Streamliner Coaster is  a junior roller coaster located at Six Flags Fiesta Texas in San Antonio, Texas. Designed by Vekoma, a Dutch manufacture, the coaster is one of the few original attractions that opened with the park.

Riders board a 10-seater train and go up a short hill before going down and following the track in a simple loop back round to the station in two circuits.

History
Streamliner Coaster was originally named Pied Piper when it opened on March 14, 1992, with the park. In 1999, the roller coaster was renamed to Rollschuhcoaster, when Six Flags came as sole owners of the park.
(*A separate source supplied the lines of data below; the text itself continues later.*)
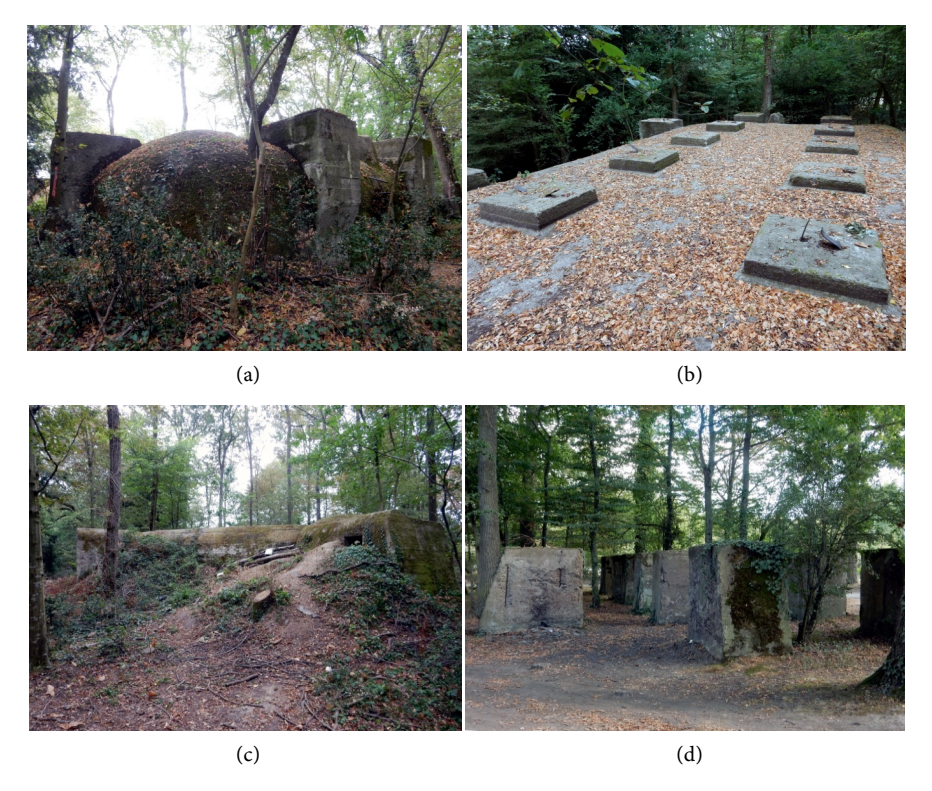
Figure 7. BDU site surviving components—(a) Sonderkonstruktion —side view; (b) Son-derkonstruktion —coverage with square supports bases; (c) R 611 or R 621—entrance side; (d) concrete aligned supports.

ciphering/deciphering and order transmissions through the antennas on the bunker coverage, which had top in shape of bicycle wheel; rooms (57) were used for statics about the sunken tonnage, calculations about the moonrise on all the seas and oceans, stored maritime maps, documents and files containing information about each U-Boot (Coiffard, 2006).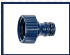
4. Screw on quick connect hose fitting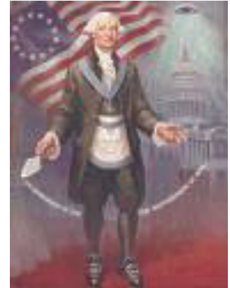
President and Brother George Washington

Washington was initiated, in 1752, in the Lodge at Fredericksburg, Virginia, and the records of that Lodge, still in existence. The first entry is thus: "Nov. 4th. 1752. This evening Mr. George Washington was initiated as an entered Apprentice", receipt of the entrance fee, amounting to £2 3s., was acknowledged.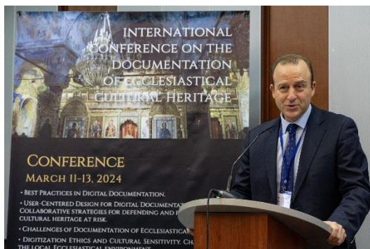
Figure 10: Prof. Efstratios Stylianidis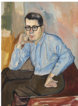
Richard Gibbs' Friend, 1962 Oil on canvas 106.7 x 78.7 cm 42 x 31 in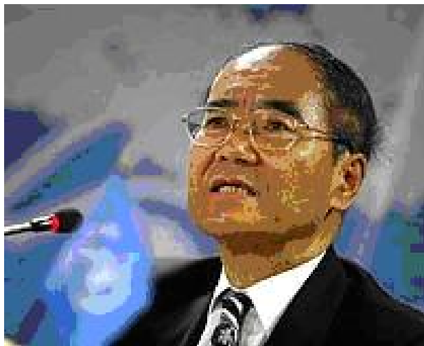
UNESCO Chief Matsuura Koichiro

Under this new policy of strengthening cultural exchanges, Japan began to provide financial and technical assistance to preserve cultural heritage abroad. In 1989, a trust fund with Japanese financial contributions was established within the Paris-based UNESCO. Japan has chipped in a few million U.S. dollars annually for the Japanese trust fund for the preservation of world cultural heritage.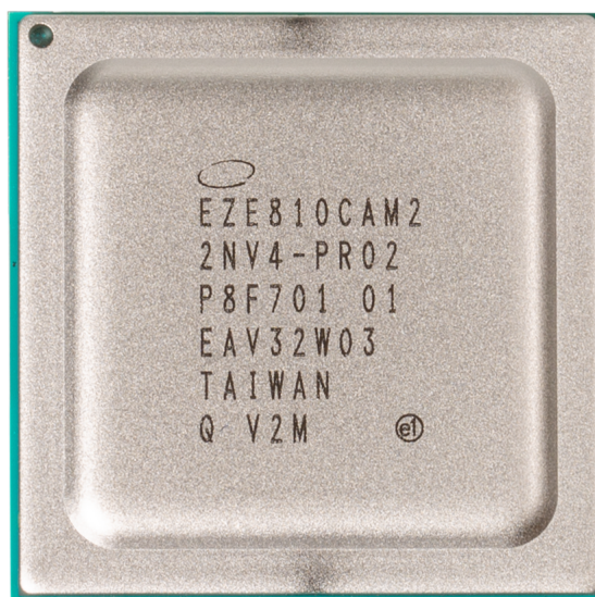
Figure 1-1. Example Component with Identifying Marks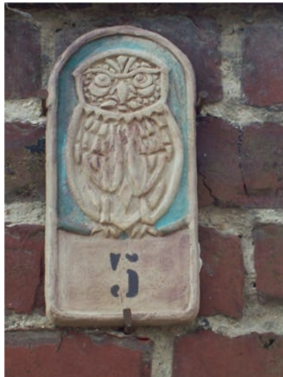
Photograph: Little Owl gadget.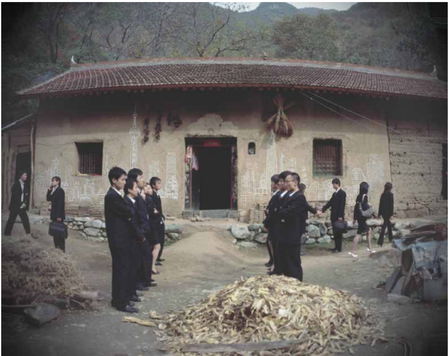
Don't Go So Fast Nr.1 别走得太快 Nr.1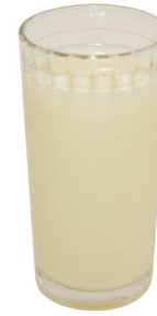
Skim milk, 200 ml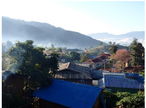
Photo 8. View of Lahe township. Its elevation is approximately 1,000 m above sea level.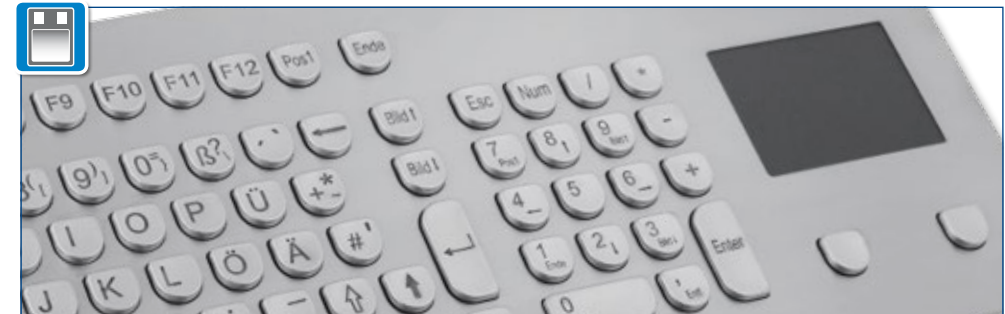
TKV-105-TOUCH-MODUL with integrated touchpad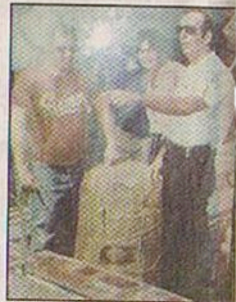
A photo of a police drug bust involving a bale of marijuana — sometimes known as a "square grouper" when dumped at sea — is displayed at the Castaways Marina bar.

This Grolsch nomination comes on the heels of the Town of Jupiter's proposed Riverwalk project.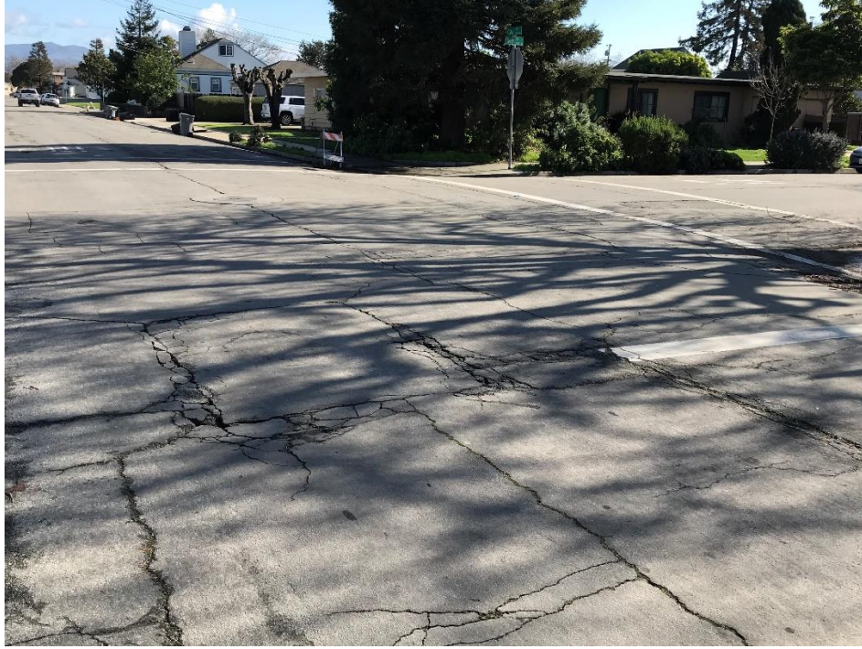
Riker St at Clay St Eastbound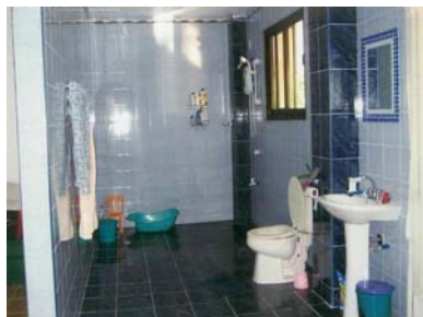
View of coral dip pool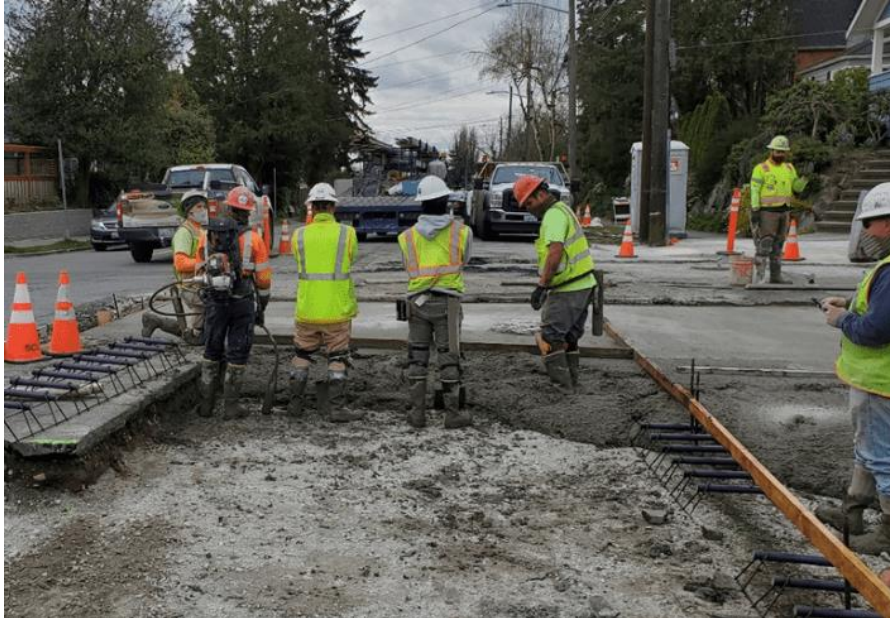
Repaving in progress on 15 th Ave NE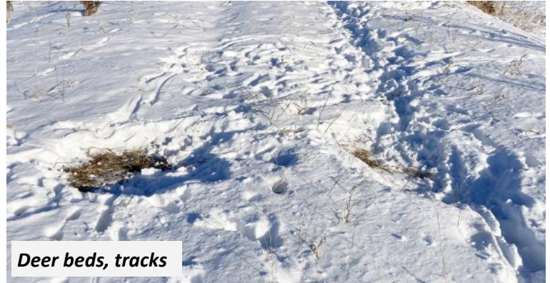
Deer beds, tracks

Animal tracks can also give us insight into repeated behaviors and patterns. Arguably the most easily seen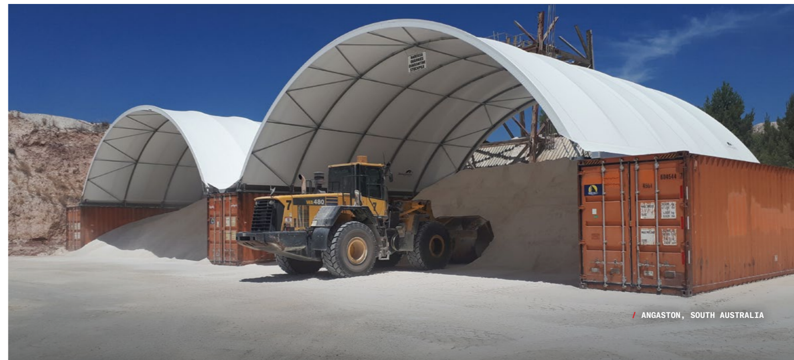
ANGASTON, SOUTH AUSTRALIA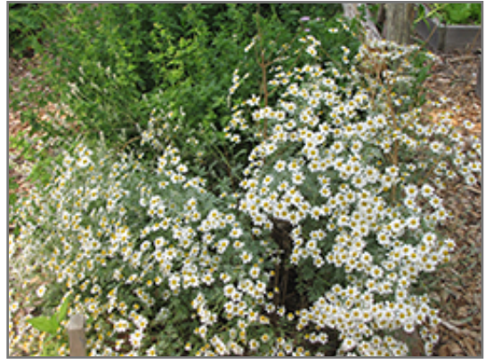
German Chamomile

This plant is quite ornamental as well as edible, and is as much at home in a landscape or flower garden as it is in a designated herb garden. It does best in full sun to partial shade. It is very adaptable to both dry and moist locations, and should do just fine under typical garden conditions. It is not particular as to soil type or pH. It is somewhat tolerant of urban pollution. This species is not originally from North America.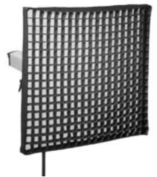
53.202.00 Fabric grid Lighttools™ for Soloflex 80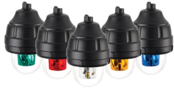
(Shown with pendant mount. See how to order for mounting options)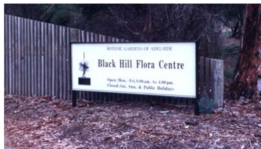
Figure 1. Entrance to Black Hill Flora Centre.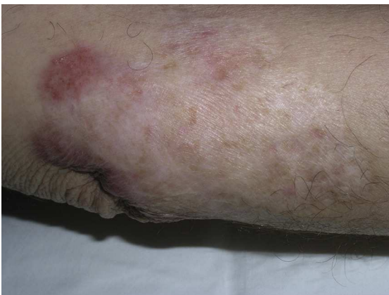
Figure 3 Residual scar-like lesions.

Chromoblastomycosis is difficult to treat because of differences in antifungal sensitivity patterns and responses among the species isolated and also because of the refractory nature of the condition, particularly in more serious clinical forms. The different treatment modalities available have not been compared in clinical settings. Recurrence is common, hence the recommendation for long-term treatments, lasting between 3 and 18 months, depending on the study. 4 Possible complications include secondary bacterial infection with lymphadenitis and, less frequently, the development of squamous carcinoma in lesions that have been present for a very long time. 5 In our case, the only complication was secondary impetiginization, which was resolved with topical antibiotics.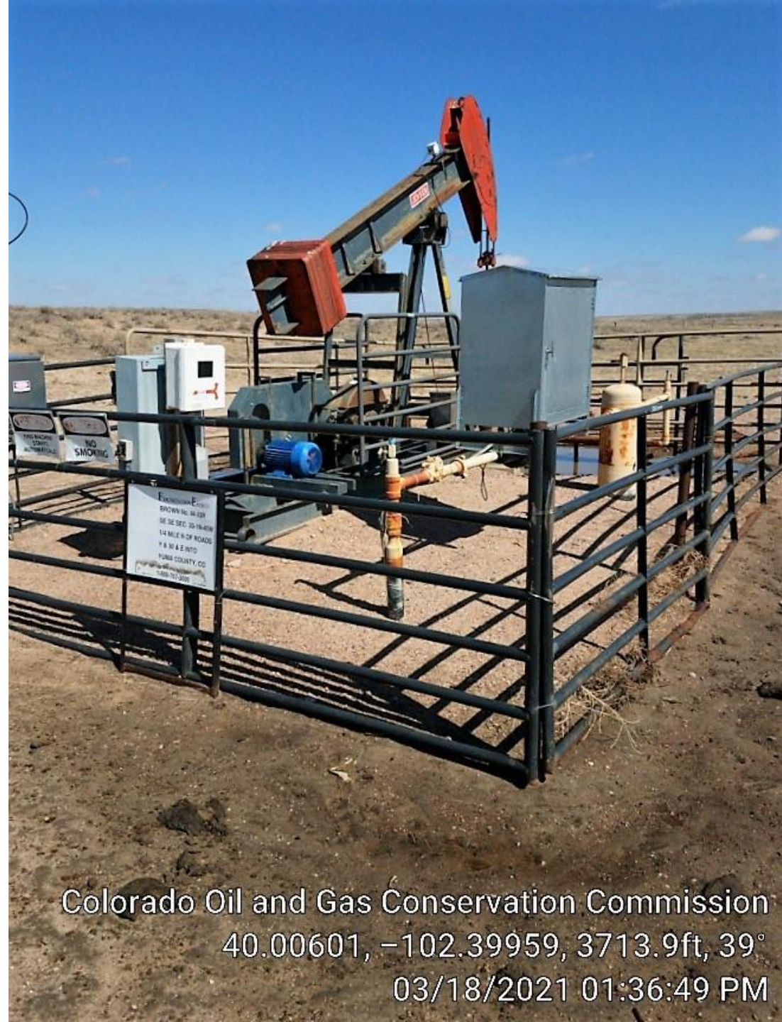
Colorado Oil and Gas Conservation Commission 40.00601, -102.39959, 3713.9ft, 39° 03/18/2021 01:36:49 PM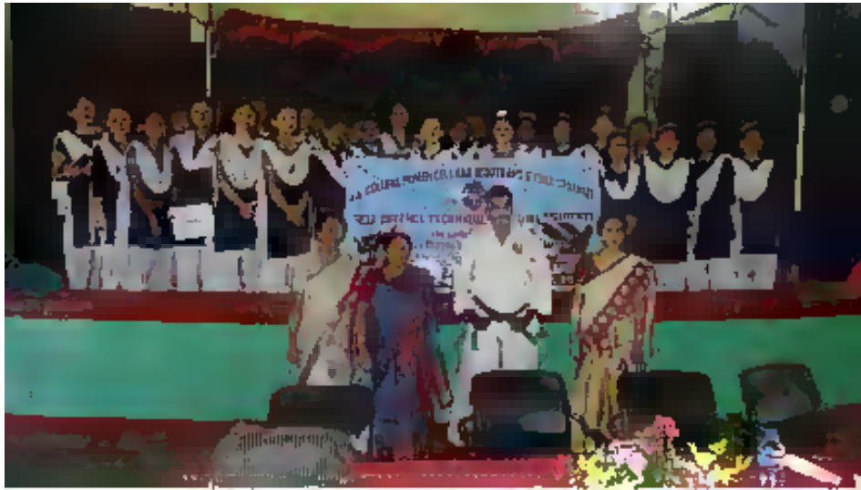
Workshop : Self Defence Technique for the Girl Child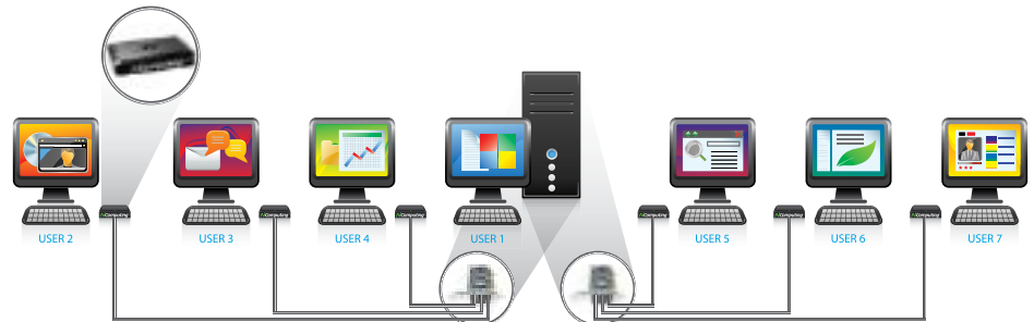
X-series configuration – direct connection

The following diagrams show how the L-series and X-series access devices connect to the shared PC.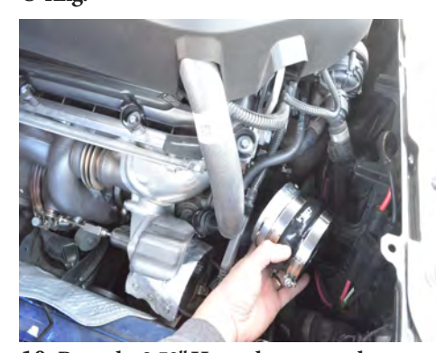
10. Press the 3.50" Hump hose on to the billet machine adapter then secure it using the provide clamps.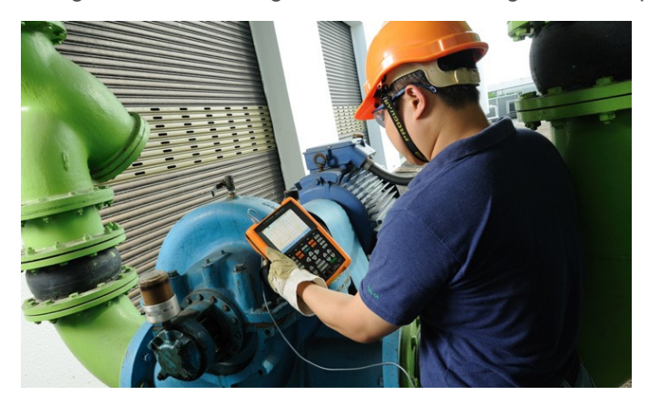
Figure 2. Outdoor mode that is sunlight viewable

When performing field work in an outdoor environment, users can easily switch to this viewing mode via a set of accessible soft keys. This mode works in an anti-glare mechanism; it filters out excessive sunlight, hence reducing the risk of misreading or misinterpreting measurements.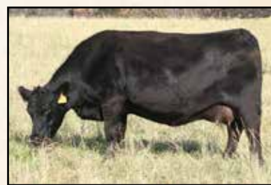
Dam Gale 9169 of Mc Cumber

The Big Time daughters are high volume, wide made females with excellent udders and wonderful disposition. 0216 displays these traits as well and is produced from a 12 year old 4X13 daughter who calved again this year to the AI service and is raising a full brother to 0216. Her dam is a moderate, easy fleshing, neat uddered cow that does the little things right. A predictable genetic package bred to be profitable.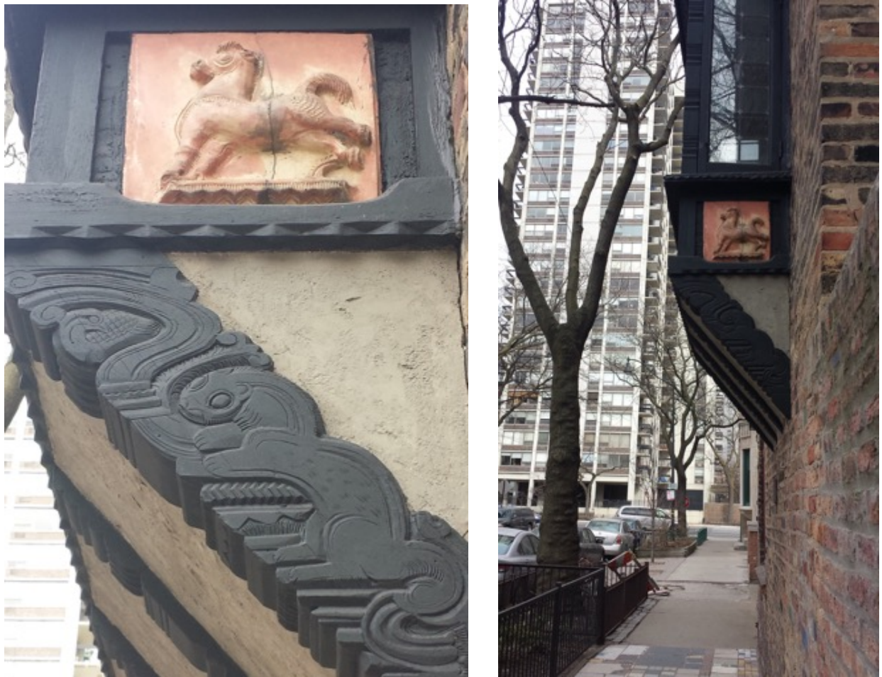
Fig. 6 Edgar Miller, sculptural details, exterior of Carl Street Studios at 155 W Burton Pl.

The result was architecture bursting with sculpted materials and objects, enlivened textures emerging from every surface, nook, and cranny. From the terra cotta reliefs of animals lining the base of a bay window extending out over the street at Burton Place Fig. 6 to the grand, yet subtle plaster bas relief (low relief) on the interior wall above the front door of the R.W. Glasner Studio at the back of the Wells Street complex, every room and what seems like nearly every surface erupts with texture, with transformed matter and three-dimensional elements extending out into space. The bas relief Fig. 7 , in particular, exemplifies Miller's approach to sculpture.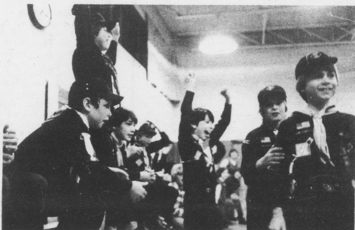
Cub Scouts of Pack 263 cheer wildly after a close heat in the Pinewood Derby.

In 2007, Six Flags released new entertainment and marketing initiatives for their US based parks, such as bringing Wiggles into their lineup. On September 28, 2008, Six Flags Fiesta Texas announced the expansion of Wiggles World, that would enhance the line up for family-oriented rides. Kiddie Koaster was part of the expansion as the ride got refurbished with a new name, Romp Bomp A Stomp to go along with the theming of the new area.  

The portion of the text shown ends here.